Exemple de calcul de charges sociales :

  • Salaire brut = 1 500 €
  • Taux de cotisations patronales moyen = 42 %
  • Charges patronales = 630 € (=1 500 € X 42 %)
  • Coût total du salarié = salaire brut + cotisations sociales patronales ou 2 130 €(1 500 € + 630 €)

Quelles sont les cotisations sociales du gérant de SARL ou EURL ?

Intéressons-nous surtout aux travailleurs non-salariés (TNS) que sont les responsables d’entreprises individuelles et les gérants majoritaires de SARL ou d’EURL. L’assise de vos cotisations sociales va dépendre du statut juridique de votre entreprise. Ce sera :

Pour un entrepreneur individuel

Sur le revenu professionnel imposable. Celui-ci est calculé en déduisant de votre revenu professionnel (vos facturations) vos cotisations obligatoires, sachant que la CSG et la CRDS ne sont pas déductibles. L’assiette des cotisations sociales est donc égale, soit au revenu net imposable auquel on rajoute les cotisations facultatives, soit au revenu professionnel brut duquel on déduit les cotisations obligatoires. Ce revenu net sert de base de calcul de vos cotisations pour l’année suivante.

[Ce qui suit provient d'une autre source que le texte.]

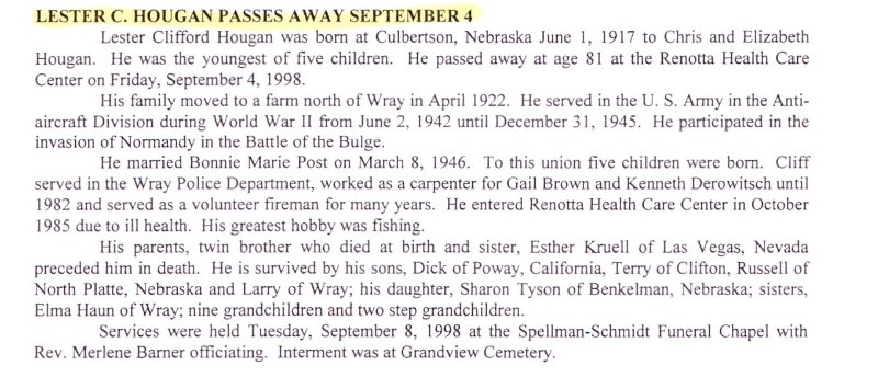 Lester Hougan's 1998 obituary said that his sister Elma Haun of Wray survived.
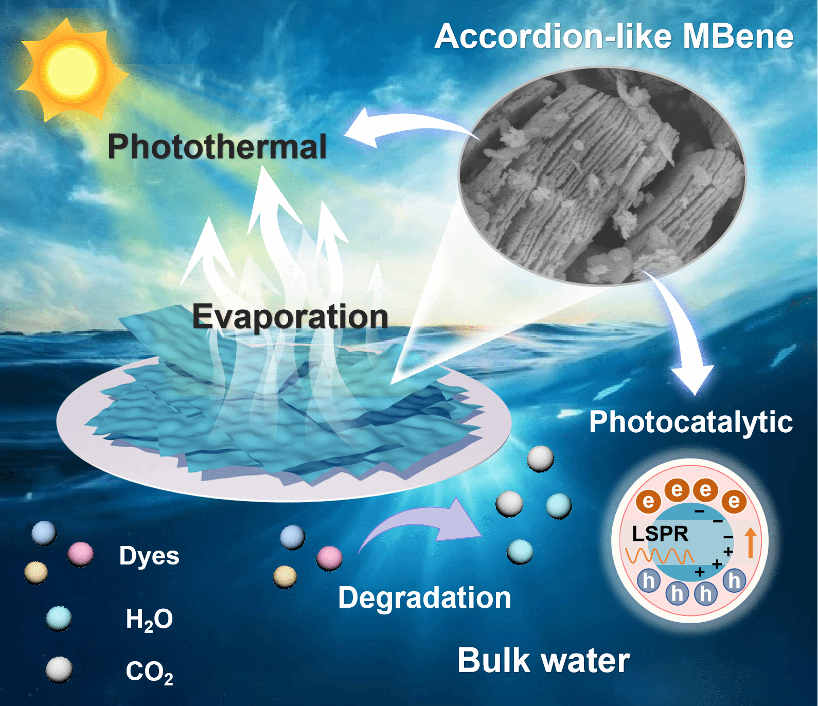 近日,c7网页版材料学院颜录科教授团队在化学与材料领域国际著名顶级期刊《先进功能材料》(Advanced Functional Materials,IF:18.5)上发表题为《Synergistic Photothermal-Photocatalytic Accordion-like Mo₂AlB₂ MBene Membrane for High-Efficiency Solar-Powered Water Remediation》的研究论文。颜录科教授和陈曦博士为论文通讯作者,2023级硕士研究生赵瑞琪为第一作者,c7网页版为第一署名单位。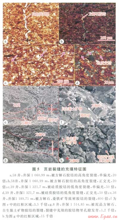頁巖不但是頁巖氣的烴源巖和儲(chǔ)層,超低的孔滲性還使得頁巖可成為頁巖氣的蓋層[13-14]。但這并非表明頁巖氣的賦存對(duì)蓋層條件沒有嚴(yán)格要求。在孔滲條件較優(yōu)越地區(qū),蓋層條件可能是需要上覆蓋層。例如美國的Barnett頁巖其上覆“蓋層”為石灰?guī)r[10]。對(duì)于孑L滲條件差但裂縫發(fā)育的地區(qū),蓋層條件則是裂縫需要被充填。以長7段頁巖為例,部分頁巖裂縫極其發(fā)育,但裂縫并沒有破壞其含氣性,原因在于一些裂縫被高度充填,阻止了氣體的二次運(yùn)移。長7段頁巖的裂縫膠結(jié)物包括方解石膠結(jié)物(正交光下顯示高級(jí)干涉色,圖5-a、5-b)和硅質(zhì)膠結(jié)物(正交光下顯示一級(jí)灰干涉色,圖5-c、5-d)。被嵌晶連晶方解石或硅質(zhì)膠結(jié)物充填的裂縫較致密、結(jié)晶較大、晶形完整,膠結(jié)礦物主要為碳酸鹽類,以方解石為主,局部見菱鐵礦,可見自生黏土礦物充填晶間縫(圖5-e、5-f)。被泥晶方解石和黏土礦物充填的裂縫較疏松,膠結(jié)物中發(fā)育晶間孔孔隙,泥晶方解石膠結(jié)物大小介于5~10mm,自生黏土礦物晶體大小介于l~2mm(圖5-g、5-h)。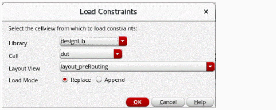 Routing Constraint Manager lets you load constraints from the specified library:cell:view. To load constraints: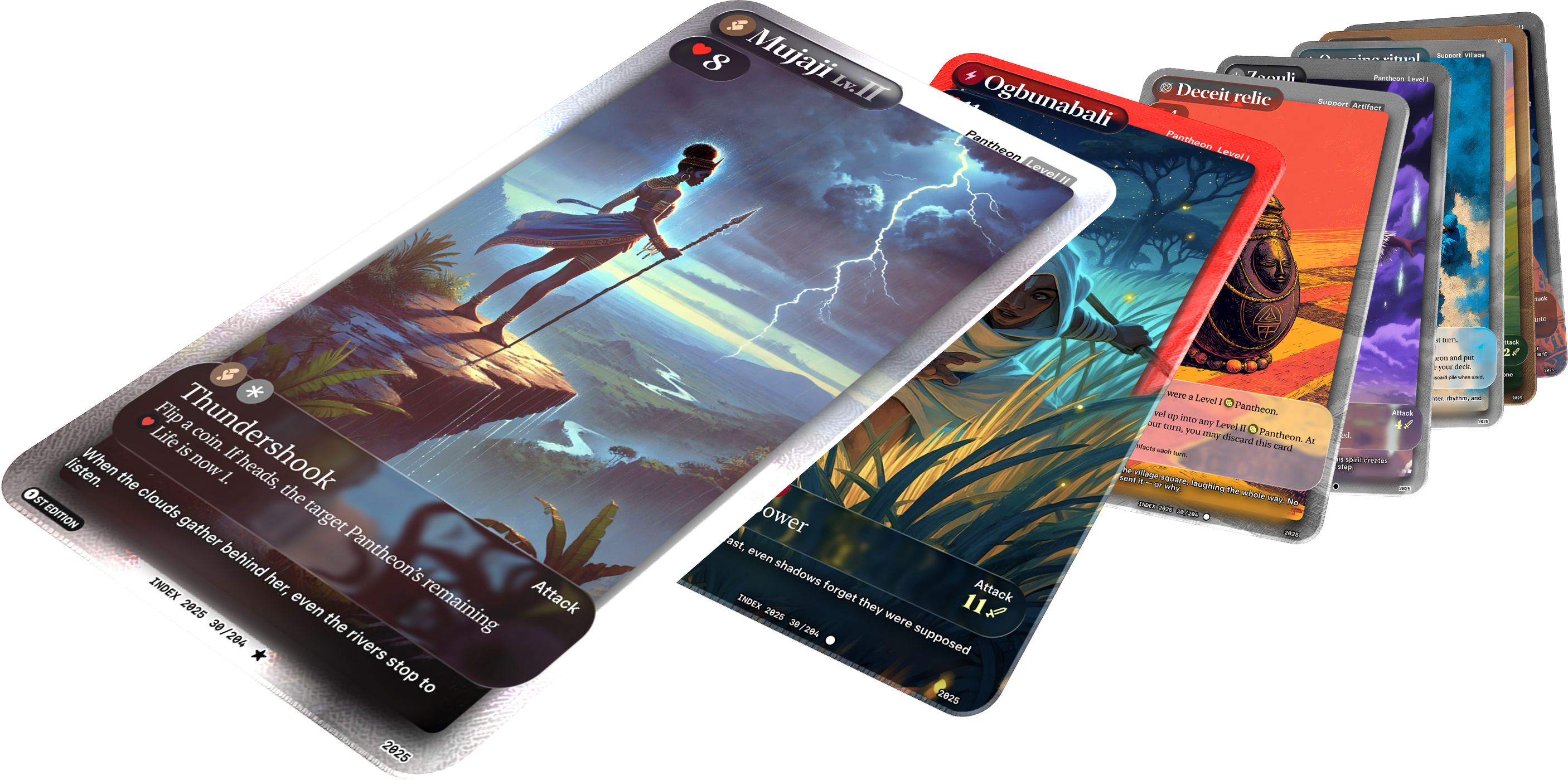 Every card carries real myths. Retold through art and play,anyone can join the story.

La totalité de ces cotisations déductibles représente environ 37 % du revenu net (après déduction des cotisations déductibles), la CSG + CRDS non déductibles 8 %, soit un total de 45 % du revenu net.

En résumé

  • Base de calcul cotisations (assiette) = revenu net d’activité = total facturation (revenu professionnel brut) – cotisations obligatoires (hors CSG &CRDS, non déductibles)
  • Cotisations = 45 % de la base de cotisations (dont 37 % déductibles, 8 % CSG + CRDS non déductibles)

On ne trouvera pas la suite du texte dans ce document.